Most people decorate one, maybe two, trees for Christmas.

Members of the Willkommen Heritage and Preservation Society have decorated more than a dozen with them.

This is their “Tower of the Trees” on display at the Willkommen Heritage Center at Norwood Young America until the end of December. Each tree in the seasonal exhibit has a different theme and set of decorations.

There is a tree decorated with historic greeting cards and a feather tree, believed to be one of the earliest man-made trees, originally made up of green-dyed goose feathers attached to wire branches, brought to the States- United by German immigrants.

Also, a red, white and blue tree honoring veterans. And trees highlighting the hobbies of members: a sewing tree with spools of thread; a cookie cutter tree and another with handcrafted hobby horses. Also, collectible trees – one with jewelry and another “tea time” tree with tea cups.

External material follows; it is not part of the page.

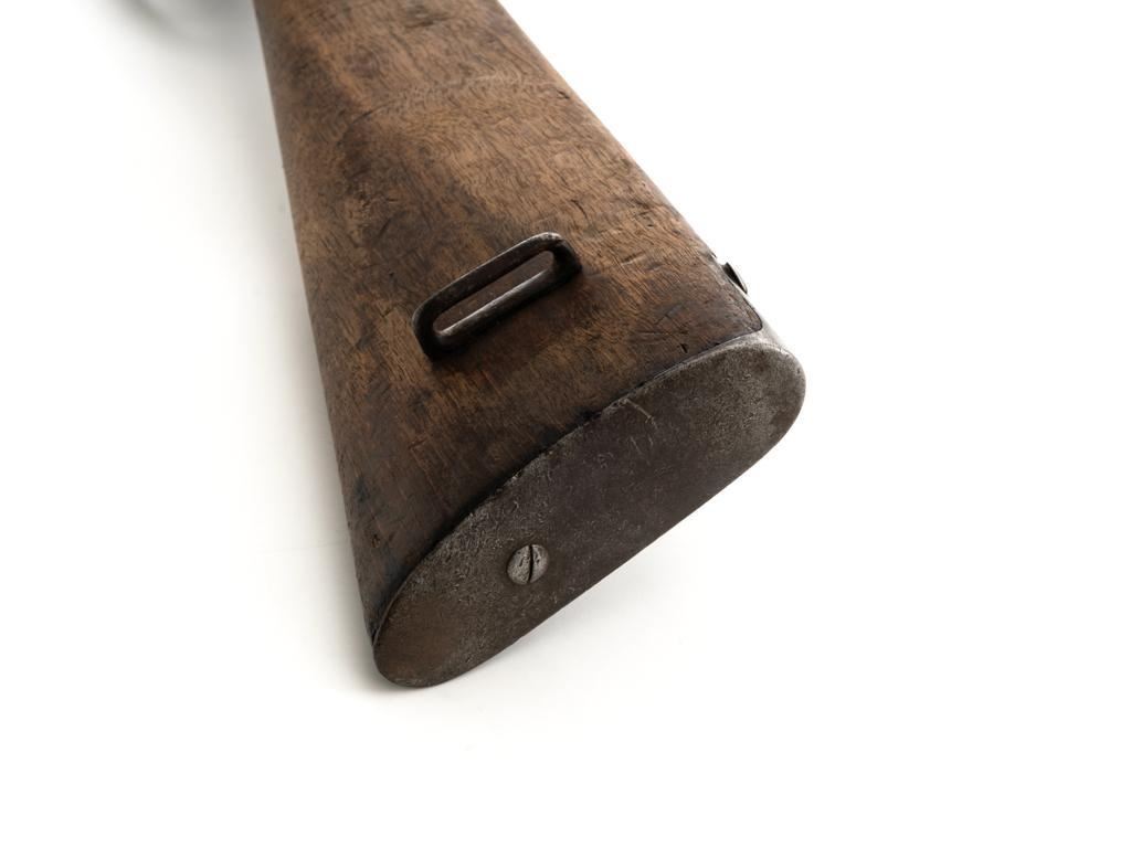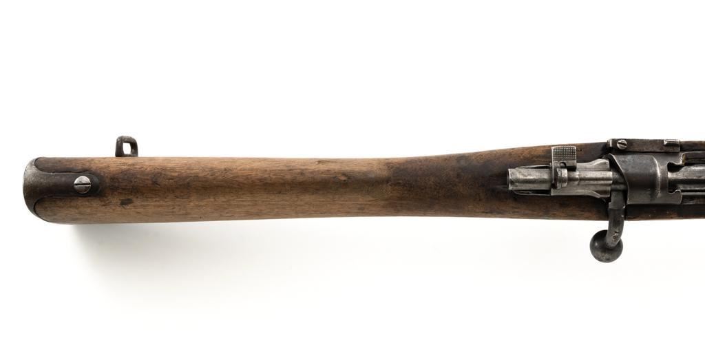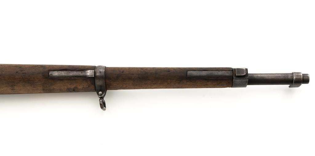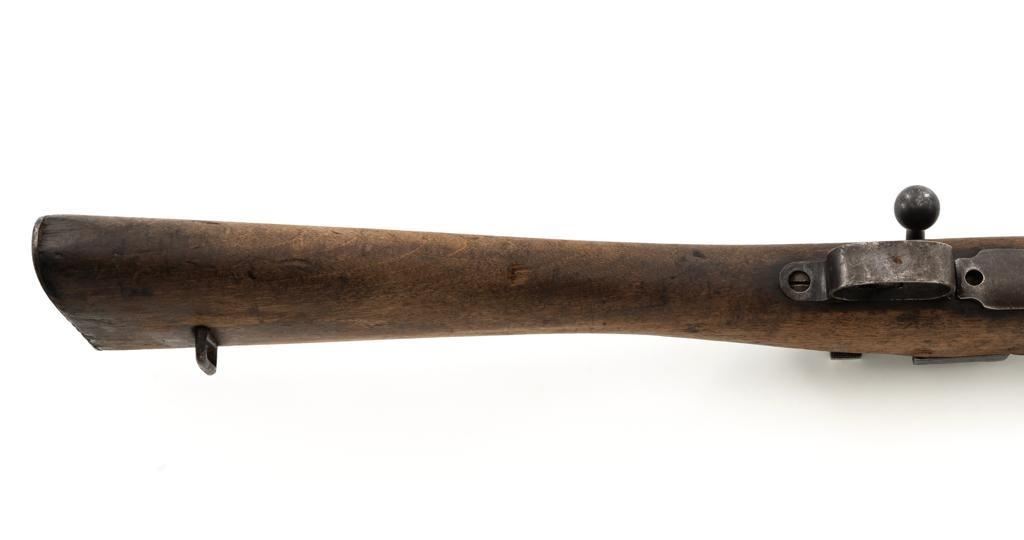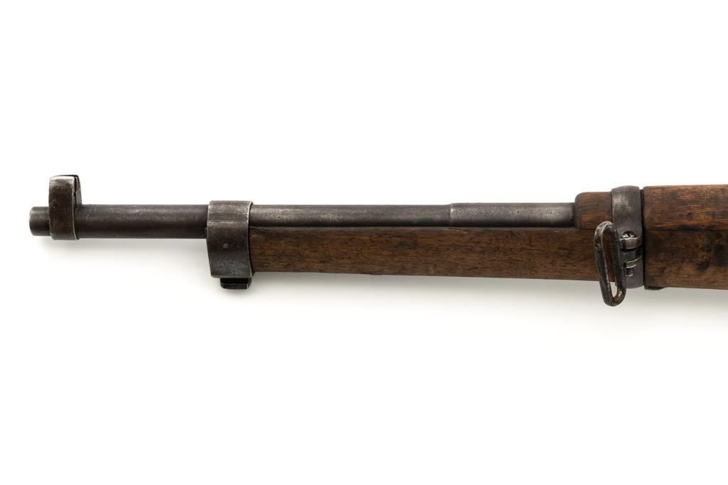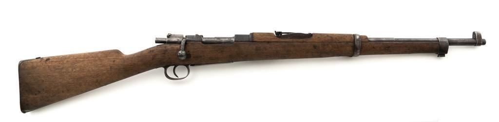 Spanish M1916 Mauser Bolt Action Rifle, #D8071, 7x57mm cal., 22" barrel, blued finish, hardwood stock and handguard, inverted-"V" front sight, and adjustable tangent rear sight with "V"-notched groove, graduated to 2000 meters. No cleaning rod. Numbers do not match. Import marked on right side of the barrel. Condition overall is good, retaining approx. 20%-25% blue, showing mostly brown toning. Right side sight protector is bent to the left. Wood with general dents, scratches, and the finish is rough. Action functions well. Bore rates good, with defined rifling. Est.: $200-$300. (C&R)

There is a Charlie Brown tree as a tribute to the popular Charlie Brown Christmas TV show, which has aired annually since 1965. A tree made from the pages of a Sears and Roebuck catalog. Others too.

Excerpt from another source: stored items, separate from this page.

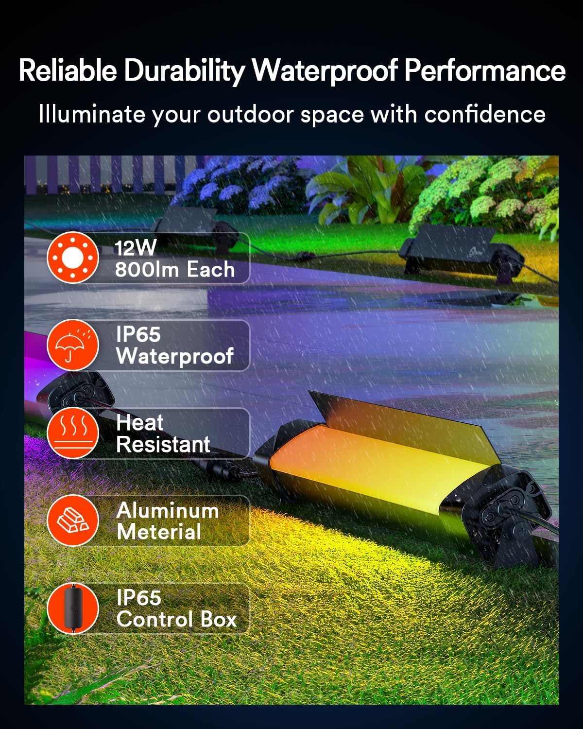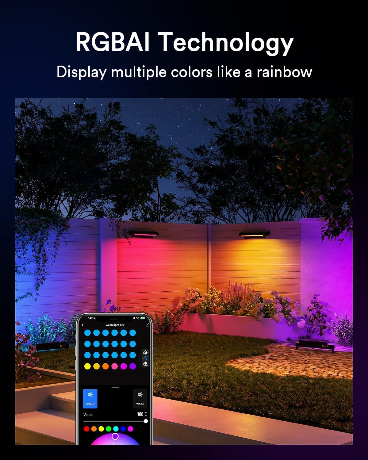 【Dynamic RGBAI Effect】Lumary RGBAI technology displays multiple colors simultaneously, each wall washer light is divided into 6 segments that can be controlled individually, offering countless design options, stunning light effects and extensive DIY funs. With Lumary RGBAI outdoor light bar, you’ll find more vivid lighting effects to brighten up your home
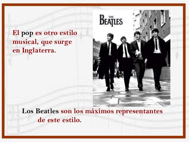 El pop es otro estilo musical, que surge en Inglaterra. Los Beatles son los máximos representantes de este estilo.
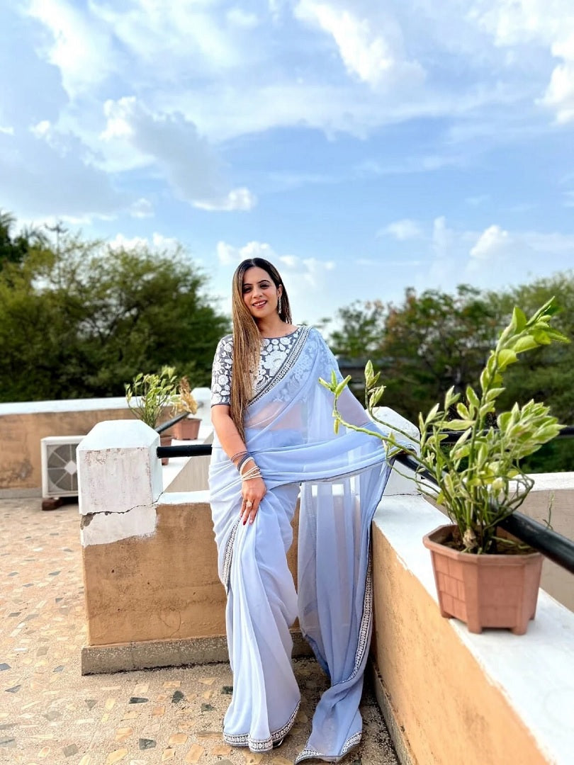 Georgette Embroidery Lace Work Saree
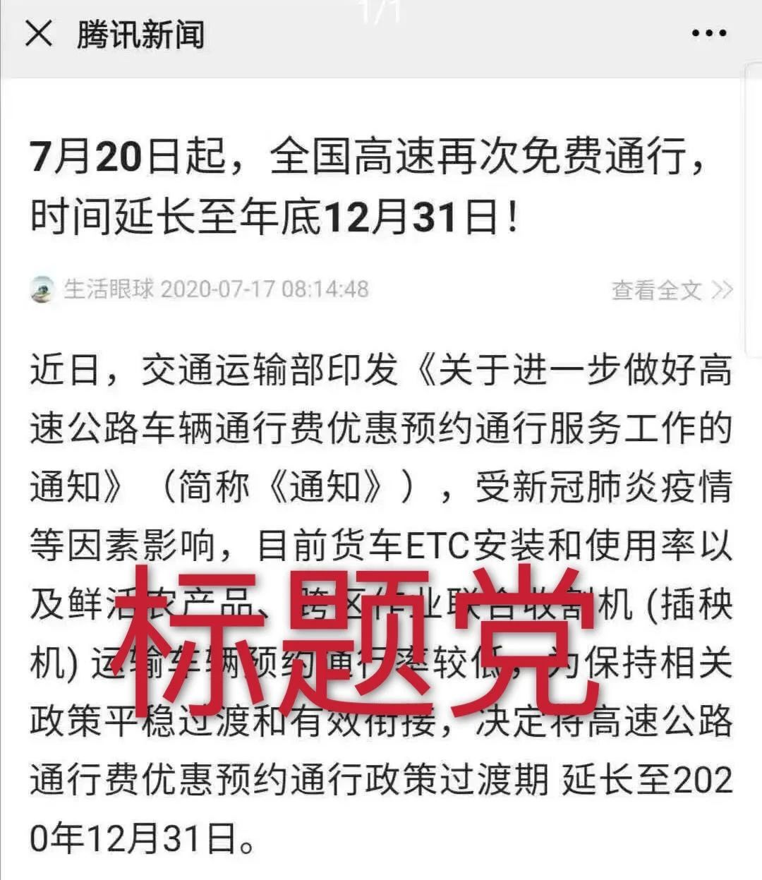 近日,網(wǎng)傳《7月20日起,全國高速再次免費(fèi)通行,時間延長至年底12月31日》↓↓↓ 經(jīng)核實(shí),該政策是面向:運(yùn)輸鮮活農(nóng)產(chǎn)
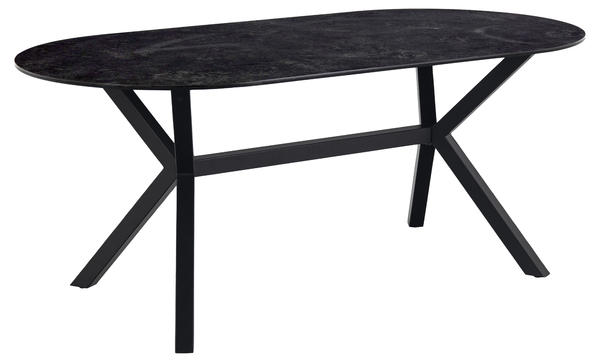 Esstisch 14010101: Oval, Glas/Keramik, Fairbanks schwarz, Gestell Metall pulverbesch. rau, schwarz matt, B/H/T: ca.180x74x90cm

Members have been planning the “Path of the Trees” for about a month to brighten up the historic center and attract visitors, according to member and host Marcie Lein. The company was established in 2010 to preserve the past and tell stories about Norwood Young America and its surroundings.

The company currently has 54 people and five business members, and has welcomed some 330 visitors so far this year, Lein said. In addition to the permanent, rotating and seasonal exhibitions, the company also sponsors occasional “museum nights” focused on particular historical topics. Some of the most popular have been on area railways, WWII, and local cemeteries.

You can see the “Path of trees” exhibit and follow the path to other Heritage Center exhibits on Thursdays, Fridays and Saturdays, from 10 am to 2 pm. The center is closed on Christmas Eve, Christmas Day and New Year’s Day.